This is an archive of the discontinued LLVM Phabricator instance.

[SelectionDAG] Lower @llvm.get.active.lane.mask to setcc
ClosedPublic

Authored by SjoerdMeijer on Jun 22 2020, 6:06 AM.

Details

Summary

This lowers intrinsic @llvm.get.active.lane.mask to a setcc node, i.e. an icmp ule, and creates vectors for its 2 arguments on which the comparison is performed.

Diff Detail

Event Timeline

SjoerdMeijer created this revision.Jun 22 2020, 6:06 AM
Herald added a project: Restricted Project. · View Herald TranscriptJun 22 2020, 6:06 AM
Herald added a subscriber: hiraditya. · View Herald Transcript
efriedma added inline comments.Jun 22 2020, 2:02 PM
llvm/test/CodeGen/Thumb2/active_lane_mask.ll
8

Where's the increment?

SjoerdMeijer added inline comments.Jun 23 2020, 12:33 AM
llvm/test/CodeGen/Thumb2/active_lane_mask.ll
8

Arggg, how silly!

Now with the increment included.

In general, you need to overflow check the increment. (In lanes where it overflows, we should return false.)

In general, you need to overflow check the increment. (In lanes where it overflows, we should return false.)

I don't think I am going to get the overflow checks right for a case like this:

define <4 x i32> @v4i32(i32 %index, i32 %BTC, <4 x i32> %V1, <4 x i32> %V2) {
  %active.lane.mask = call <4 x i1> @llvm.get.active.lane.mask.v4i1.i32(i32 %index, i32 %BTC)
 ..
}

Even with more context, if this is a loop, I am not sure, and I don't think SelectionDAG is the right framework for this.

To me it looks like we've discovered the perfect motivating case here to start looking into redefining llvm.get.active.lane.mask, because this is now problematic in 2 different places: here and in the tail-predication pass. I had postponed doing this as I thought I could first quickly fix this before returning to that and happily forgot about this overflow case here. So, I am going to look at llvm.get.active.lane.mask now.

It's not hard to write out the overflow check; just replace the ADD with UADDO, and AND the overflow result with the compare result.
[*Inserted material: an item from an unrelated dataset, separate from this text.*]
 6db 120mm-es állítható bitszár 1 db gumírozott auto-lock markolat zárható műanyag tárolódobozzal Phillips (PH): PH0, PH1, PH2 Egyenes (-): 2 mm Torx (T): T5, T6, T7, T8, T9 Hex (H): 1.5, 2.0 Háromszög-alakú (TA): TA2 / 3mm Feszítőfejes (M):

Not sure about the quality of the code that would produce. I suspect in common cases, SelectionDAG could prove the UADDO doesn't overflow using known bits.

Ah, okay, sorry. Yes, writing out the overflow check isn't hard. As I was concerned about the codegen, I was stuck with the idea to prove absence of overflow, thus it didn't occur to me to codegen the checks. But yes, I guess that's what is needed.
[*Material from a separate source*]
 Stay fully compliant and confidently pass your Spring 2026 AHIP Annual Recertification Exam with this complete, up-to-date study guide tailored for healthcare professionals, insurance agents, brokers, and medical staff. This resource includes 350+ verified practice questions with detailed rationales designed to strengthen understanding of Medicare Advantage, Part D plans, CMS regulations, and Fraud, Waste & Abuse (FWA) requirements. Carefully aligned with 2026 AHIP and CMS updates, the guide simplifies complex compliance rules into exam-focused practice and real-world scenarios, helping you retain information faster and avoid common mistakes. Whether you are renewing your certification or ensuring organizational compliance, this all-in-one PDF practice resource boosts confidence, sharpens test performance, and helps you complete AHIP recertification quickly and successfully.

And now with the overflow checks included and codegen'ed.

efriedma added inline comments.Jun 25 2020, 9:50 AM
llvm/lib/CodeGen/SelectionDAG/SelectionDAGBuilder.cpp
6932

I know I wrote "just replace the ADD with UADDO, and AND the overflow result with the compare result", but I think you need to NOT the overflow vector before the AND.

SjoerdMeijer updated this revision to Diff 273468.EditedJun 25 2020, 11:30 AM

I know I wrote "just replace the ADD with UADDO, and AND the overflow result with the compare result", but I think you need to NOT the overflow vector before the AND.

Yep, thanks, redoing my pen-and-paper exercise with some numbers plugged in, to also confirm this.

viv  = [ i i i i ]
step = [ 0 1 2 3 ]
[i+0 i+1 i+2 i+3 ], [ 0 0 1 1 ] = uaddo [ i i i i ], [ 0 1 2 3 ]
vecbtc = [ btc btc btc btc]
[ 1 1 1 0 ] = setcc ule [i+0 i+1 i+2 i+3 ], [ btc btc btc btc]
[ 0 0 1 0 ] = and [ 1 1 1 0], [ 0 0 1 1 ]
  ^^^^
  wrong: lanes 0 and 1 should be enabled, lanes 2 and 3 should be disabled
  because of overflow in these lanes.

Replacing the last line with:

[ 1 1 0 0 ] = not [ 0 0 1 1 ]
[ 1 1 0 0 ] = and [ 1 1 1 0 ], [ 1 1 0 0 ]

gives the first 2 lanes enabled, and the last 2 disabled.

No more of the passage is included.